HLA-DR ubiquitination is down-regulated during MoDC maturation. (A) MoDCs were stimulated with LPS, and HLA-DR (L243) was immunoprecipitated and immunoblotted by using either anti-ubiquitin or anti-MHC II (XD5) antibodies. The asterisks represent nonspecific bands. (B) HLA-DR molecules from immature MoDCs were first immunoprecipitated with L243 antibody (left lanes). L243 immunoprecipitated material was then boiled and reimmunoprecipitated with XD5 (β-chain-specific) antibody (right lanes) before SDS/PAGE. Immunoblots of the immunoprecipitated material with anti-ubiquitin, anti-HLA-DR β-chain (XD5), or anti-HLA-DR α-chain specific antibodies are shown (Top, Middle, and Bottom, respectively). The asterisks indicate nonspecific bands.
Overexpression of MARCH I Down-Regulates Surface MHC Class II.

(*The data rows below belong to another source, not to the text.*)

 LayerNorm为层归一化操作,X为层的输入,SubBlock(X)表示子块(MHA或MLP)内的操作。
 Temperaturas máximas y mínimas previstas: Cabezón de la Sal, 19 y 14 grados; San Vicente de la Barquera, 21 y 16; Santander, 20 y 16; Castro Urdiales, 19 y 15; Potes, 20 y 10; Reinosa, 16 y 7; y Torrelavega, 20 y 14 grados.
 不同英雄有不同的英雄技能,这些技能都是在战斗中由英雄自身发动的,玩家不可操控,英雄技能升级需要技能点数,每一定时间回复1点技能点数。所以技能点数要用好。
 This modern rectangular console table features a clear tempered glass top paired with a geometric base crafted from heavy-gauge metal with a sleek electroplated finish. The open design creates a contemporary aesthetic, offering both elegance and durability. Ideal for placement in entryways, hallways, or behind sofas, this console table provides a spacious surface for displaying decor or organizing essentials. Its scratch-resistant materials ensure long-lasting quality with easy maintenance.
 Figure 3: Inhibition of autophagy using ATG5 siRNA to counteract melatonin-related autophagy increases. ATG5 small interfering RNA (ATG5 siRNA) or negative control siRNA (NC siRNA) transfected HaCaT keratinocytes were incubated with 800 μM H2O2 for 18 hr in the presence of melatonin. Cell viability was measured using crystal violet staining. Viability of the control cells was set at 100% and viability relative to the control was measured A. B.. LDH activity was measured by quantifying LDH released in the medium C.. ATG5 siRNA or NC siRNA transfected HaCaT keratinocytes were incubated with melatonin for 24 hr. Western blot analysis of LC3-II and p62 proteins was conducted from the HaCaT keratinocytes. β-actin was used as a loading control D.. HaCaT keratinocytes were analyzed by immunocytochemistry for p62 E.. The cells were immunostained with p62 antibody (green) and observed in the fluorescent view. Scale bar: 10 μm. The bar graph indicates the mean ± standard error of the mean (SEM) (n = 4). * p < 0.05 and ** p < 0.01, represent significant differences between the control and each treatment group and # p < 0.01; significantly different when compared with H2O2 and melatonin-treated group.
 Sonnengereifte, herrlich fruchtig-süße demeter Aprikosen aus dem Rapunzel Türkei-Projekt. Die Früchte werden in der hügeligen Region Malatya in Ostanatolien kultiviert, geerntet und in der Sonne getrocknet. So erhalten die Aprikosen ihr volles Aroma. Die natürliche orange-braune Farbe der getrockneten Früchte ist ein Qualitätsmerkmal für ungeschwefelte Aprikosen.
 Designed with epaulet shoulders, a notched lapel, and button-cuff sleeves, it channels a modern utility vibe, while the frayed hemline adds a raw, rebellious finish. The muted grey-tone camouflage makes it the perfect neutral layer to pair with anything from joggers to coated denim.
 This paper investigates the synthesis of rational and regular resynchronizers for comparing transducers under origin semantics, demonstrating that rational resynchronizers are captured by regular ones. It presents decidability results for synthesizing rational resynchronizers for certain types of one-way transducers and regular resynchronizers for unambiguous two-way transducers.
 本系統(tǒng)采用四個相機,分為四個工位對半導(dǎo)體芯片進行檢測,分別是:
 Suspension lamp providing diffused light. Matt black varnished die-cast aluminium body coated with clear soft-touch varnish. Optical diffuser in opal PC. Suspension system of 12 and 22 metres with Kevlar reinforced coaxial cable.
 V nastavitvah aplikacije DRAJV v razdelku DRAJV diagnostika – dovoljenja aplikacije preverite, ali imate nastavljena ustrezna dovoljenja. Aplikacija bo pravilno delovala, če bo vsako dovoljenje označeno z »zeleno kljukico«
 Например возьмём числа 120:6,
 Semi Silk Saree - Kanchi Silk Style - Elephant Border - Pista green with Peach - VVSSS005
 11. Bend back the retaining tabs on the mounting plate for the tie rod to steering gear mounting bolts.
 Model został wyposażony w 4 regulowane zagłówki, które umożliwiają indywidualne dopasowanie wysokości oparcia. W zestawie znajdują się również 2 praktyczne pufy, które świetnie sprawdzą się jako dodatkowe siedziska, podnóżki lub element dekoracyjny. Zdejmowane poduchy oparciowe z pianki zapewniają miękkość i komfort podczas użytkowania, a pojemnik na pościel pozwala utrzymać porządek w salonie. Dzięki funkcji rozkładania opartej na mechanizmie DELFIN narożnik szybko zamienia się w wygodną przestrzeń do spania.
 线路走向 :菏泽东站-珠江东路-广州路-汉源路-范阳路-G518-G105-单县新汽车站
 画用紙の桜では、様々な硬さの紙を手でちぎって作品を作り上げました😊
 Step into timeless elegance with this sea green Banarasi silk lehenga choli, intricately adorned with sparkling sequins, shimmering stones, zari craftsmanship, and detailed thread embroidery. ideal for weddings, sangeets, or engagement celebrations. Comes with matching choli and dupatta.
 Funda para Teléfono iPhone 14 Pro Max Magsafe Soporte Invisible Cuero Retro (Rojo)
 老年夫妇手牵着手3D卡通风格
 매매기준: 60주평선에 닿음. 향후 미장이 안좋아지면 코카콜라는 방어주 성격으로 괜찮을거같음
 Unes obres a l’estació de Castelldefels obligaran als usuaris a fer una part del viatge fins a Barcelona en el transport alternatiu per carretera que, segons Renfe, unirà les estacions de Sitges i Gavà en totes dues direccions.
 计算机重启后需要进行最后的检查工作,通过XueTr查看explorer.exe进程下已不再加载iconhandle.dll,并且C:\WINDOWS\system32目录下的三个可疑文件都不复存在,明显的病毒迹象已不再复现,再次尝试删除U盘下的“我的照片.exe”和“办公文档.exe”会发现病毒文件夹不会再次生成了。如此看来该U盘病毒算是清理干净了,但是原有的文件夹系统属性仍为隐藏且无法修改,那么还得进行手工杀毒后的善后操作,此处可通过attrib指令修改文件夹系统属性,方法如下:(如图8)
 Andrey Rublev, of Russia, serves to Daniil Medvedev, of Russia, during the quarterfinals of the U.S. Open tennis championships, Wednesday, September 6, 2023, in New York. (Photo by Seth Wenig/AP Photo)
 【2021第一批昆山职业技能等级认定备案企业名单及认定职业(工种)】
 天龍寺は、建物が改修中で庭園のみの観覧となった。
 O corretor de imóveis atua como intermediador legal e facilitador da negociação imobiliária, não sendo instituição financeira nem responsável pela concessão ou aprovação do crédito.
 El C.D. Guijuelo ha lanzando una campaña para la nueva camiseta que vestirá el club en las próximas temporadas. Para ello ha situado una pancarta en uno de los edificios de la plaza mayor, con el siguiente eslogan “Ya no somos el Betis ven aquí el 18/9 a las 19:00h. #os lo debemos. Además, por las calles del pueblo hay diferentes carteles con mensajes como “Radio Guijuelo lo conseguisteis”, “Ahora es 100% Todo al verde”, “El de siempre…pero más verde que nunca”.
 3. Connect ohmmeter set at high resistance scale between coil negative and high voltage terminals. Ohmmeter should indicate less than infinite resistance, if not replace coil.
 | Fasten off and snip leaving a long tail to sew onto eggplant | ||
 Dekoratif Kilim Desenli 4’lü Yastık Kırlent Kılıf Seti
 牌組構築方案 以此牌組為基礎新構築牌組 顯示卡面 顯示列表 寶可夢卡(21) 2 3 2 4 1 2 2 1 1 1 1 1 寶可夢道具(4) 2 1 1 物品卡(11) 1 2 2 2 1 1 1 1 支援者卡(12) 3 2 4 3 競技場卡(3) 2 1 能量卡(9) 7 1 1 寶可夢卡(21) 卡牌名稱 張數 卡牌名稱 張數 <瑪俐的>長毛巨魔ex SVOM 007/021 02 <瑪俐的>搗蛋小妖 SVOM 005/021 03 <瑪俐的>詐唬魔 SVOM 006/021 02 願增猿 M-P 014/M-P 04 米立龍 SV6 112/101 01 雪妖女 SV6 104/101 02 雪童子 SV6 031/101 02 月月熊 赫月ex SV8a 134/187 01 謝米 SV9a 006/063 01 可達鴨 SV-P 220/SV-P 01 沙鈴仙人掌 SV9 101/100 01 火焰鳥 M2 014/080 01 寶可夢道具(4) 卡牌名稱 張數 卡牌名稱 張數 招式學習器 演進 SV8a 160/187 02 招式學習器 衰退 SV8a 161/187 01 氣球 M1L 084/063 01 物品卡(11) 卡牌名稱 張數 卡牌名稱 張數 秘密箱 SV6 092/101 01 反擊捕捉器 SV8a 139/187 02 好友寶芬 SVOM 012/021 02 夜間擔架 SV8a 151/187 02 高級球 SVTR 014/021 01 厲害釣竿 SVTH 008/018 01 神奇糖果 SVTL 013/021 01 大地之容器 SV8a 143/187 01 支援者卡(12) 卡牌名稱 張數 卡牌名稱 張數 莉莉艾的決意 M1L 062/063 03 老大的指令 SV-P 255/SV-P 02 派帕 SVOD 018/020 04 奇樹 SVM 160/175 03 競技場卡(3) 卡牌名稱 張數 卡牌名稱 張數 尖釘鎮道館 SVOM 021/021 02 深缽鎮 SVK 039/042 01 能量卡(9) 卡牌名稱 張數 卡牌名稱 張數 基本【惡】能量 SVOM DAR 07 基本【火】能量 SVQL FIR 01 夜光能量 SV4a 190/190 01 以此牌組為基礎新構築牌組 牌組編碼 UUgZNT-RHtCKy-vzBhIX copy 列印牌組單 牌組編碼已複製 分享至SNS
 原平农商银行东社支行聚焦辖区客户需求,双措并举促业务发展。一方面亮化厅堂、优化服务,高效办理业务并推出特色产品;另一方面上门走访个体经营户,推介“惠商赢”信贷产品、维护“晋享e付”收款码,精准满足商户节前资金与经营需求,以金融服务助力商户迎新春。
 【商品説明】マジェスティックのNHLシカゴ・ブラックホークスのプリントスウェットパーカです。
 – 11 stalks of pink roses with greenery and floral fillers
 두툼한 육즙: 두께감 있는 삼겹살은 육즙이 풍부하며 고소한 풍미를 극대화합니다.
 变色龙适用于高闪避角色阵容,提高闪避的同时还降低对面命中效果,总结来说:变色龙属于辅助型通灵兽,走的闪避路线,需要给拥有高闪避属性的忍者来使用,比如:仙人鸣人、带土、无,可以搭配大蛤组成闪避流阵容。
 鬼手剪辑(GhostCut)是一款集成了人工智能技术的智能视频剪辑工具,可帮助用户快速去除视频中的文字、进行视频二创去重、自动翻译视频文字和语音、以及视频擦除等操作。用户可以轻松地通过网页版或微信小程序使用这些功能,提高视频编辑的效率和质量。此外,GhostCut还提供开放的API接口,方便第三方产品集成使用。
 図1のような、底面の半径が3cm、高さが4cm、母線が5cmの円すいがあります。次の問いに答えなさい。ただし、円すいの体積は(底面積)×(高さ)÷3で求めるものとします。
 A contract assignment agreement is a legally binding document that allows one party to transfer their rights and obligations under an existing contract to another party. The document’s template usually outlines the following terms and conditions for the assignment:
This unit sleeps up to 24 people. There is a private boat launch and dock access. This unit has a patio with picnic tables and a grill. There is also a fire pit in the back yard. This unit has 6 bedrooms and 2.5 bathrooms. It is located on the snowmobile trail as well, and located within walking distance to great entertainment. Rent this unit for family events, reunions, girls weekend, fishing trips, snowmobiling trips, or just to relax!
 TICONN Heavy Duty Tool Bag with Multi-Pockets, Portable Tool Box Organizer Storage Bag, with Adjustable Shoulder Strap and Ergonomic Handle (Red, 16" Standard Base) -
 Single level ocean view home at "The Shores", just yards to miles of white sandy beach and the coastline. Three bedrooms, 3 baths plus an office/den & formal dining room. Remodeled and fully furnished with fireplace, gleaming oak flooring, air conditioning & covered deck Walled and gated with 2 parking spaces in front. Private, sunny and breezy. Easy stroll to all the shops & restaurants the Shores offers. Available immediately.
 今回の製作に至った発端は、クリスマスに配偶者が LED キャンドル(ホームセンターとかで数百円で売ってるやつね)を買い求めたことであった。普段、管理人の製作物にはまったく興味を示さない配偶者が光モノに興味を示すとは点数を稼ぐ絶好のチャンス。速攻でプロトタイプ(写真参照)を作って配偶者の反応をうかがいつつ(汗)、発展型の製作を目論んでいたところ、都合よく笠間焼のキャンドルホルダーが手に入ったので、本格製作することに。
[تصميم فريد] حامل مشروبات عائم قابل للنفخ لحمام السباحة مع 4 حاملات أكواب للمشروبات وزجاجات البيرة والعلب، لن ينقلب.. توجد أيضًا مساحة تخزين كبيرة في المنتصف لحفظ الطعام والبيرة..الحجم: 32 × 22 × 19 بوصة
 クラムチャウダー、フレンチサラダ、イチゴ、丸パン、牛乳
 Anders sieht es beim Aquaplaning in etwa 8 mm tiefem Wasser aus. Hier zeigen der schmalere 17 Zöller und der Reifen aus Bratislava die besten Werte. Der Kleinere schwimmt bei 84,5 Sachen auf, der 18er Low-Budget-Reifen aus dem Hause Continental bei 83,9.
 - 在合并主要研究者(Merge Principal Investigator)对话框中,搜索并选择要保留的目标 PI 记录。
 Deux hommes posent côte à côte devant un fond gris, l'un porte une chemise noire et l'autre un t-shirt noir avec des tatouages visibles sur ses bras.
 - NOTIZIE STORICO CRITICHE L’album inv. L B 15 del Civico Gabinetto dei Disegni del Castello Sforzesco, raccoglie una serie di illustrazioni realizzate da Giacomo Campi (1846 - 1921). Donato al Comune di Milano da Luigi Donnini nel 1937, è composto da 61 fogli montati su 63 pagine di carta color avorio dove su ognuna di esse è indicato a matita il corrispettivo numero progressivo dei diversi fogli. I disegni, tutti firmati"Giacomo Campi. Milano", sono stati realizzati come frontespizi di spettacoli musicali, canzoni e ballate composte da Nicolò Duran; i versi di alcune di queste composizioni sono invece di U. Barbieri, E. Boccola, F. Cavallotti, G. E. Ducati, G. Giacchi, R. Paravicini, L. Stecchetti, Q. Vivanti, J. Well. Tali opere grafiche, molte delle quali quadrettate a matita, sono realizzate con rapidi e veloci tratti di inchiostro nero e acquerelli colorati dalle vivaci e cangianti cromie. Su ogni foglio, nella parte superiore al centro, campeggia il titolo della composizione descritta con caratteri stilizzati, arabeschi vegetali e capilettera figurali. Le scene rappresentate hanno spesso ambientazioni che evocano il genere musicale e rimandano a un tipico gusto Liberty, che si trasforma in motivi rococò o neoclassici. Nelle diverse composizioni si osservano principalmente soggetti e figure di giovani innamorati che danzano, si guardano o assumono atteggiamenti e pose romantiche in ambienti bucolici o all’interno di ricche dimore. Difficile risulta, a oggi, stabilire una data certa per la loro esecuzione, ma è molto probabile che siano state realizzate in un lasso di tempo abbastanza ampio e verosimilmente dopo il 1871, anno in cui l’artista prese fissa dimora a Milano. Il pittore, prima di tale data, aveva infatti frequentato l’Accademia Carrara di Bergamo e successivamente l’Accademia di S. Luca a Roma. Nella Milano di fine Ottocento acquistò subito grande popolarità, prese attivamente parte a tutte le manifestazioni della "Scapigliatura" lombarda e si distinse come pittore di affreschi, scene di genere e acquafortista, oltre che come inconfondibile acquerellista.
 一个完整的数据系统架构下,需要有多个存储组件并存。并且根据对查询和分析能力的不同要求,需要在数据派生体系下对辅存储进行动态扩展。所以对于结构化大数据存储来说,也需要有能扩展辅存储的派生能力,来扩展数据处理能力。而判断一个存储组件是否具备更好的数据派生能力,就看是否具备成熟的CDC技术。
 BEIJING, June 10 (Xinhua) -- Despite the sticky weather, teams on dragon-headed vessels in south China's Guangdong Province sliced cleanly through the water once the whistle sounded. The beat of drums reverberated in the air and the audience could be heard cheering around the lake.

MARCH proteins are E3 ubiquitin ligases that have been reported to down-regulate several surface molecules including transferrin receptor (TfR), MHC class I and II, and CD86 (7, 10). We evaluated the capacity of different human MARCH ligases to control HLA-DR surface expression through transfection of class II transactivator (CIITA)-expressing HeLa cells (14). Different mRNAs, coding for MARCH I through MARCH IX fused with an eGFP moiety were transfected in HeLa-CIITA cells, before FACS analysis (Fig. 2A Upper). Surface HLA-DR levels were affected by the overexpression of MARCH I-eGFP and also, as expected, by MARCH VIII-eGFP (10). We thereby tested whether a single lysine residue in the cytoplasmic tail of the MHC-II β-chain was required by MARCH I to induce HLA-DR surface down-regulation. We transiently expressed in HEK293T cells the HLA-DR α-chain together with two different HLA-DR β cDNA constructs, containing either a wild-type (β) or a mutated cytoplasmic tail, with an alanine replacement at position 225 (βK225A). On MARCH I expression, down-regulation was heavily impaired for βK225A-bearing MHC II dimers (Fig. 2A Lower), thus identifying lysine-225 as a target residue for MARCH I-driven ubiquitination on HLA-DR.
Fig. 2.
MARCH I down-regulates surface MHC class II through ubiquitination. (A) FACS analysis of HLA-DR surface level in MARCH-eGFP (MARCH I–IX) transfected HeLa-CIITA cells (Upper) and in MARCH I-eYFP transfected HEK293T cells expressing HLA-DRα and either WT HLA-DRβ or mutant HLA-DRβ K225A (Lower). (B) FACS analysis of surface HLA-DR, CD86, and CD1a in MoDCs electroporated with either eGFP or MARCH-eGFP mRNAs. MHC II surface level is clearly decreased in MARCH I-transfected MoDCs (gray-filled curve) compared with eGFP alone (black-filled curve). Thin lines, isotype controls. (C) Immunoprecipitation of mature MHC II from MARCH I-transfected DCs followed by immunoblotting with anti-ubiquitin and anti-MHC II antibodies. The asterisk represents nonspecific bands. (D) Confocal microscopy analysis of MARCH I-eGFP transfected MoDCs. Mature MHC II molecules (L243, red) are found in HLA-DM-positive compartments (blue) in MARCH I-eGFP-transfected MoDCs, whereas they accumulate at the plasma membrane in eGFP or MARCH II-eGFP transfected cells. eGFP labeling is not shown, because its expression level is too low to allow confocal microscopy detection in MoDCs.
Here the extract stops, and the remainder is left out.